Though it may not be fair to the current Spurs to judge them by their previous failings and those of other teams, those teams have taught us that the regular season isn’t everything.
Besides, are we so sure the Spurs could actually beat the Lakers, Heat or Celtics in a seven game series?
On paper, the Spurs wouldn’t stand a chance. They don’t have the brute size of the Celtics or Lakers and aren’t remotely close to the Heat athletically. Even just in pure talent the Spurs aren’t quite in their category.
Though Tim Duncan is one of the greatest forwards of all time, his declining production, including career worsts in points 13.7 and rebounds 9.5, is clearly more of a result of his diminishing abilities than the level of depth on the team.
Though Parker, Manu Ginobili and Richard Jefferson are nothing to scoff at, they don't exactly have a dynastic feel to them.

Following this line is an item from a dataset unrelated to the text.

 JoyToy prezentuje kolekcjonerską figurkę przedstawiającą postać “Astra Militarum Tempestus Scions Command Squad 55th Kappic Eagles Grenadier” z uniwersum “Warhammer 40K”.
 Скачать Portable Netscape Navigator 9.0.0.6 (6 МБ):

On the other hand, when Shaq starts, the Celtics are the only team of the last two decades, and probably beyond, that could argue that each member of their starting five should wind up in the Hall of Fame.

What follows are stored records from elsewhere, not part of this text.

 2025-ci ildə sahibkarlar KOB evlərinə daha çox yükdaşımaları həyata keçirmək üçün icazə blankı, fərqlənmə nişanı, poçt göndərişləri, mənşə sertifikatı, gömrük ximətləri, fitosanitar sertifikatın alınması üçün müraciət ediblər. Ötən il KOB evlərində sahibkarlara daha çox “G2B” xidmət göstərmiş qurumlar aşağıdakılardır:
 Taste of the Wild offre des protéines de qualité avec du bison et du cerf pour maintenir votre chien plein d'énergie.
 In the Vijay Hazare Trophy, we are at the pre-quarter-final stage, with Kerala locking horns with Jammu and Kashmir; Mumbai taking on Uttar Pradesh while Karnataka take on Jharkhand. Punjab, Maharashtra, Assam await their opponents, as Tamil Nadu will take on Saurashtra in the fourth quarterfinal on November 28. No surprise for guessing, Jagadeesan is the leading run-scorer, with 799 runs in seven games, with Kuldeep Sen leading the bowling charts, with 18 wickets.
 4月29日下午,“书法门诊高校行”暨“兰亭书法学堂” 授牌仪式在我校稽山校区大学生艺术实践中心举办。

In Kobe Bryant, the Lakers boast arguably the greatest individual talent since Jordan, and with Andrew Bynum, Pau Gasol and Lamar Odom they boast more sheer size than the Bulls ever did.
Though the Spurs bounced LeBron James out of the 2007 Finals rather easily, they’d likely find James a bit more of a challenge now than when he was 21 years old carrying a team of mannequins and lukewarm bodies, given that he’s added range, depth, defense and furthered his already insane amount of explosiveness and strength since then.
And his teammates are better too.
The Spurs wouldn’t stand a chance on paper, but then again on paper the Spurs aren’t a 35-6 team, on paper the 2007 Mavericks should have been NBA Champions and on paper LeBron James should have never made it to the Finals in the first place.
Maybe the truth is that there is no singular reason why the Spurs are being overlooked.
Maybe they are being overlooked for each or only one of the reasons I gave, but if you don’t want to see the championship parade in San Antonio this year you had better hope your team doesn’t overlook them in the playoffs.